Jerell Springer

No. 0 – BC Kavkasia
- Position: Point guard
- League: A League

Personal information
- Born: January 19, 1999 (age 27) Las Vegas, Nevada, U.S.
- Listed height: 6 ft 6 in (1.98 m)
- Listed weight: 180 lb (82 kg)

Career information
- High school: Shadow Ridge (Las Vegas, Nevada); Desert Pines (Las Vegas, Nevada); Planet Athlete (Tempe, Arizona);
- Playing career: 2018–present

Career history
- 2018: Seattle Ballers
- 2020–present: BC Kavkasia

Career highlights
- JBA All-Star (2018);

= Jerell Springer =

American basketball player (born 1999)

Jerell Dwayne Springer (born January 19, 1999) is an American basketball player for BC Kavkasia of the Georgia A League. Standing 6 ft 6 in and weighing 180 lbs, he was a top prospect in Nevada at the high school level, attending Shadow Ridge and Desert Pines High School in Las Vegas. Although his senior season at the latter school was beset by eligibility issues, he was a three-star recruit and committed to play college basketball for Southern Utah. However, he chose to not enroll and later decided to join the JBA.

== High school career ==
Springer played three seasons of high school basketball for Shadow Ridge High School in Las Vegas, Nevada. In July 2015, at the Full-Court Press All-West Camp in Norwalk, California, he was among 25 players selected to the All-Star roster. As a junior, Springer averaged 20.4 points, 9.0 rebounds, and 4.0 assists en route to All-League and third-team All-State honors. By the end of the season, he became one of the most sought-after recruits in his state, with scholarship offers from Pacific and Southern Utah.
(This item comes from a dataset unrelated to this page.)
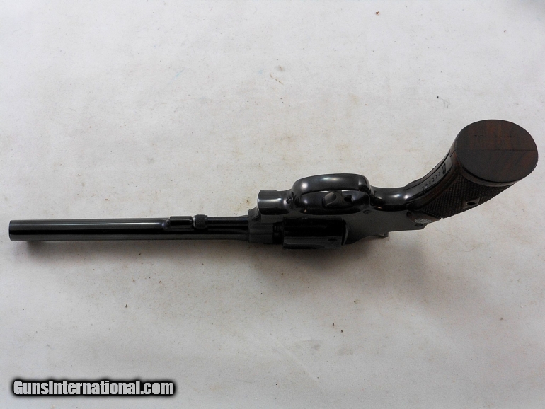 Description: This pistol was produced between 1917 to 1942. The serial number is 523640. It is fitted with the June 5th 1917 diamond center grips The grips are in minty condition. The color cased finish on the hammer and trigger is strong and colorful. There is a faint drag line between the cylinder stops. That is pretty much typical for Smith & Wesson revolvers to have that drag line. The blue finish is very bright and would rate a strong 99% condition. The only blemish is by the right side just above the trigger, there are some very faint scratches. This pistol appears to have not been fired or in any way used. I feel confident in saying that it is as new in the original box! The red box is serial numbered to this pistol. The box is in fine condition. The label is clear and clean. There are no box contents present. This is a really stunning Smith & Wesson revolver that would make any collector proud to have as one of their top collectables! Early Smith & Wessons in this kind of condition just do not come up for sale that often! Search for hlvfineguns on google. Curio&Relic BKCK F. No. 167 SOLD Curio/Relic: Yes |

For his senior year, Springer transferred to Desert Pines High School in Las Vegas. After being declared ineligible to play for his new school, his family hired a lawyer to deal with the eligibility case, which went to district court. Springer said, "It was pretty hard watching knowing it was my final year and I didn't have nothing else to put out there on the table." A temporary court order allowed him to play one game on January 21, 2017, in which he scored seven points against Ed W. Clark High School, shooting 1-of-14 from the field. Despite his absence for the rest of the season, Desert Pines won the Class 3A state championship.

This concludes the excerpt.